Я ему сказал, что мои друзья тут за меня сказали слово и попросил его не творить беспредел. Потому что я не делал ничего плохого и вообще случайно оказался в такой ситуации. Этот авторитет спросил у меня, кто за меня просил, и я ему сказал, назвал этого человека.

После этого он распорядился, чтобы меня отпустили, и я сел рядом с ним. Он достал сигарету и сказал, что ладно, чтобы я не серчал, просто я “офоршмачил” их “шныря” и поэтому мне влетело. Он понял, что меня хотели под них подставить менты и это наши разборки, а он в них участвовать не будет.

Что бы с ним было, если бы за него не замолвили слово серьезные люди? Я думаю, что все было бы печально. На 99,9 процента. Ну представьте, я один бывший сотрудник и со мной в одной камере 17 человек, осужденных на пожизненное заключение.

Нас выводили гулять один раз в день, в девять часов утра. Можно сказать, что таким образом я не видел солнца. Вот почему у многих в тюрьме выпадают зубы. Из-за нехватки йода и витамина “Д”. Потому что тебя выводят в девять утра, а в Питере зимой вообще в это время еще нет солнца. А когда оно есть, за счет того, что высокие стены, оно к тебе не попадает.

Я из этого всего вынес, наверное, один из самых главных уроков для себя. Это то, что никогда и никого нельзя осуждать. Потому что ты никогда не знаешь, что двигало человеком, как сложилась та или иная ситуация. И что любой человек может оказаться в любой ситуации. Даже если он сам думает, что никогда в этой ситуации оказаться не сможет.

То есть, будучи сотрудником системы, я оказался по другую сторону. Рядом с теми людьми, которых, по сути, в свое время, работая оперативником, я задерживал. И эти люди такие же люди, как и ты. И они порой иногда не по своей воле оказываются в каких-то ситуациях.

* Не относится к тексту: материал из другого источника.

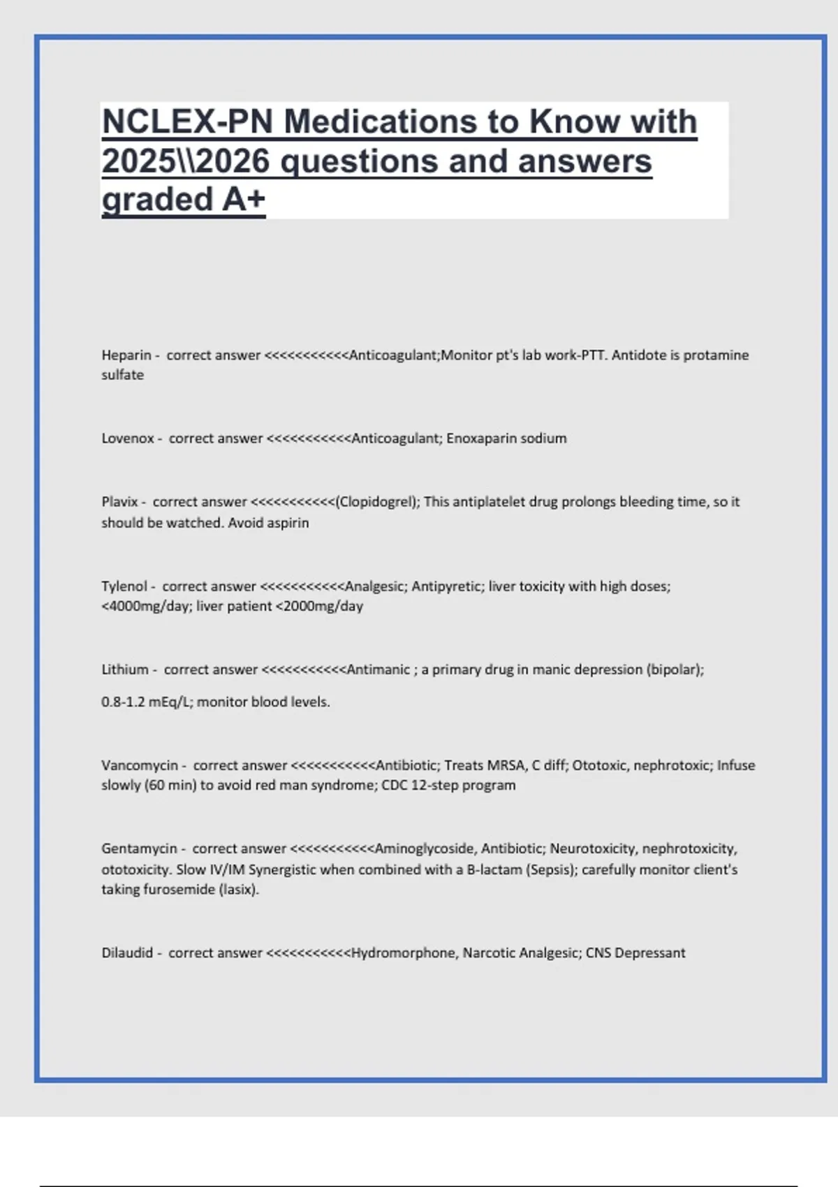Exam (elaborations) NCLEX Style Exam 2025 | Latest Questions with Correct Detailed Answers & Rationales [A+ Verified] 2 Exam (elaborations) NCLEX-PN Medications to Know: Heparin | 2025/2026 Updated Questions and Answers Graded A+ 3 Exam (elaborations) Pharmacology NCLEX Questions 2025/2026 | 100% Verified Questions and Correct Answers [Comprehen

Была ситуация, например, когда в соседней камере сидел человек, который не был бывшим сотрудником. Он был обычным осужденным, которому дали 15 лет, но он помогал нам, бээсникам. Когда у нас заканчивались продукты, он перекидывал нам свои через окно. Хотя для них это считается “западло”, потому что нельзя контактировать с бывшими ментами.

Как ему удалось так мало отбыть? В итоге получилось так, что через полгода мое дело было передано в суд. И они сделали так, что я не смог ознакомиться с материалами дела перед судом. Чтобы я не мог оказать противодействие их позиции.

Когда дело оказалось в суде, я в судебном заседании заявил судье, что мои права были нарушены и что следователь сфальсифицировал мою подпись. А на самом деле я с материалами дела не знакомился. Я попросил судью запросить записи с видеокамер из изолятора, когда ко мне приходил следователь.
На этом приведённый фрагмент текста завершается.